CHAMPAIGN, Ill., (WCIA) — One researcher said the numbers behind police involved lethal force across the state is something the public should know. Now, his research is aiming to fill the gaps, while bringing transparency to the community.
It’s part of the new SPOTLITE online database. It launched on Friday and stands for “Systematic Policing Oversight Through Lethal-Force Incident Tracking Environment.”
Researchers from the Cline Center for Advanced Social Research at U of I’s Research Park have been working on it for the last five years.
It’s bringing light to the number of times police in Illinois have used lethal force between 2014 and 2021. The database lists any time police have used guns, deadly or not. As well as any other use of force ending in death.
The website breaks down the findings by county. Statewide, they’ve confirmed 694 uses of lethal force. 62% of those incidents were in Cook County.

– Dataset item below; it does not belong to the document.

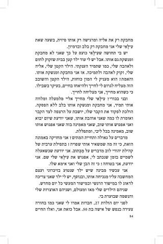 הזאת, כי זה מה שמשאיר אותי שפויה! בתפילת עִרבית של קהילת יהודי לוב מדברים עִל ַמ ְכת ו ב. אני יודעִת שכשאעִלה לשמיים בזמן שנכתב לי, אפגוש את ִעִי ָל ִאי שלי שם. אני

In Central Illinois, SPOTLITE recorded 7 in Champaign County, 6 in Vermilion County, 6 in Macon County and 4 in Sangamon County.

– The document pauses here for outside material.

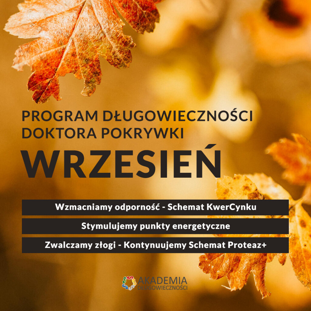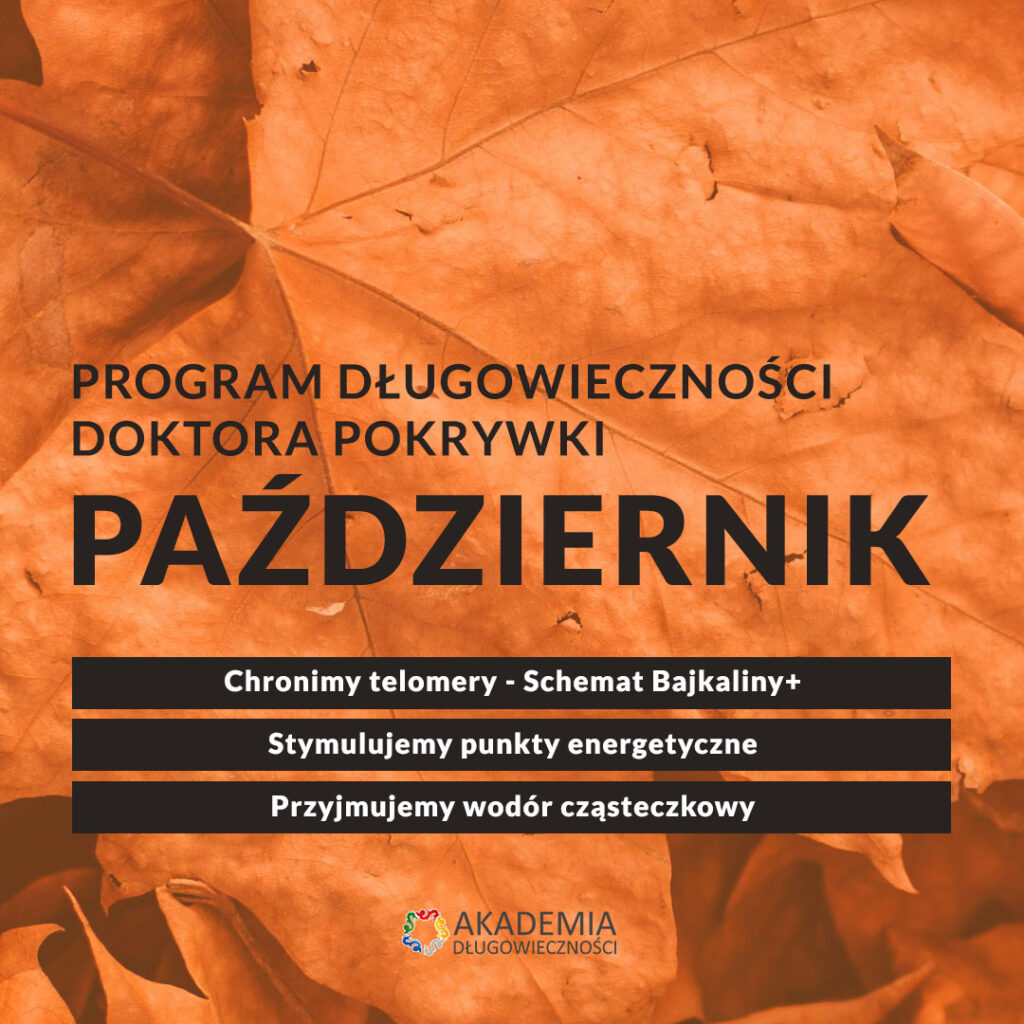 Październik to Schemat Jesienny Bajkaliny+ – odgrywa ona istotną rolę w ochronie telomerów, co wspiera procesy regeneracyjne i spowalnia starzenie komórkowe. Jej adaptogenne właściwości pomagają organizmowi lepiej radzić sobie ze stresem, a działanie neuroprotekcyjne wspiera zdrowie układu nerwowego.

Scott Althaus, Cline Center’s director, said he wants to help find answers. So far, he said SPOTLITE found more than twice as many police uses of lethal force than previously recorded by the state.
“Our focus has been to get this data out into the public eye as soon as possible so communities and researchers and law enforcement agencies across the state can begin using this information to help us better understand what’s going on,” Altaus said.

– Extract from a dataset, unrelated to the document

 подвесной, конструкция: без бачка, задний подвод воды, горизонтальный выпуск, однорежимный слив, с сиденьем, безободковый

He said SPOTLITE will help police maintain accurate records, and show them when change is needed, or when reform is working.
“We’re hoping to fill out the informational picture of what’s going on in each of these incidents in ways that can improve officer safety, can inform best practices for use of force policies, and also improve the effectiveness of training programs designed to help law enforcement to exercise judgment in appropriate ways in these encounters,” Althaus said.
He said it’ll help community members too, showing them how and when lethal force is used. As well as tracking the race and ethnicity of those involved.